## Exercise instructions
Omit all images, then repeat exactly the lines below from the one containing "2024秋上册二年级数学苏教版 第六单元 表内乘法和表内除法(二)——7-9的乘法口诀及用乘法口诀求商练习课练习课" through the one containing "單組蓄電池和充電裝置接到同一", both ends included.

## Extracted entries

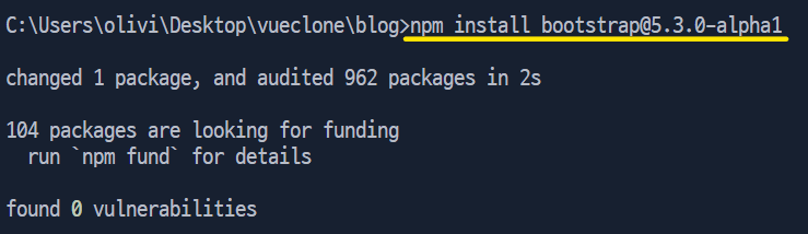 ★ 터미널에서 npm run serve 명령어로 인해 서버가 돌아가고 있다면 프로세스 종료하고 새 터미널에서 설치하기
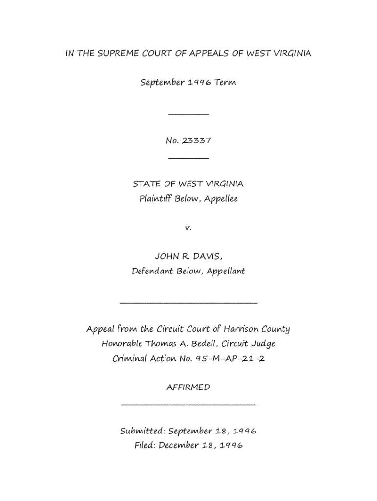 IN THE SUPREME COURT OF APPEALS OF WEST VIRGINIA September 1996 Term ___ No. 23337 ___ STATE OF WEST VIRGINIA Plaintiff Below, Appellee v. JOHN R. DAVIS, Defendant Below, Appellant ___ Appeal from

---

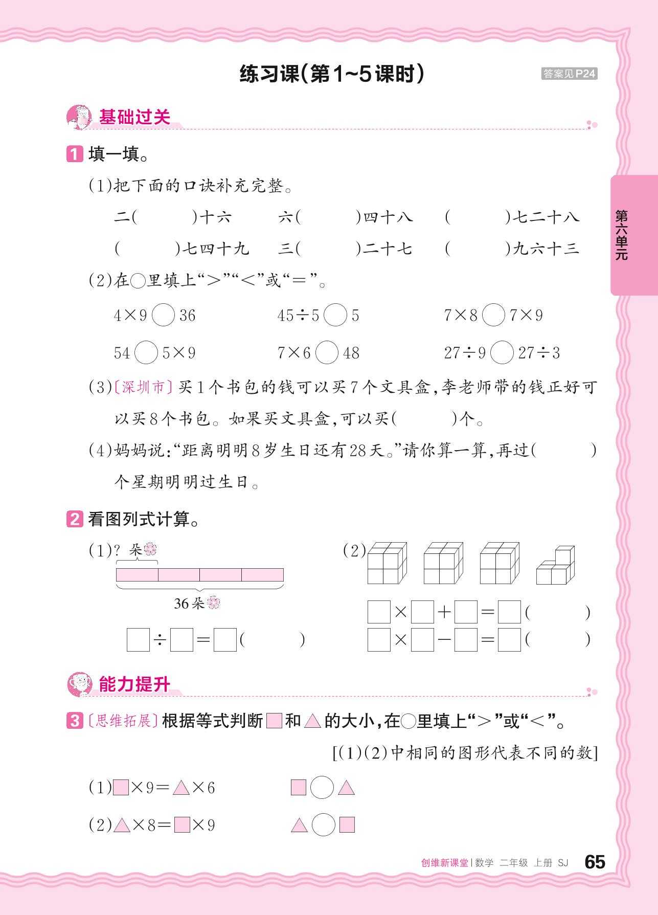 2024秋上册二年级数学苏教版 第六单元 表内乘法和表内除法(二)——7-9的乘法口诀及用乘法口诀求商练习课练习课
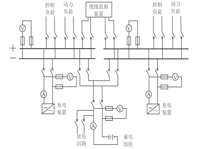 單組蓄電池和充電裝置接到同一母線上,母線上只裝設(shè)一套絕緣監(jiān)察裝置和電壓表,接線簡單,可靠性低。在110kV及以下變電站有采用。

## Expected answer
 2024秋上册二年级数学苏教版 第六单元 表内乘法和表内除法(二)——7-9的乘法口诀及用乘法口诀求商练习课练习课
 單組蓄電池和充電裝置接到同一母線上,母線上只裝設(shè)一套絕緣監(jiān)察裝置和電壓表,接線簡單,可靠性低。在110kV及以下變電站有采用。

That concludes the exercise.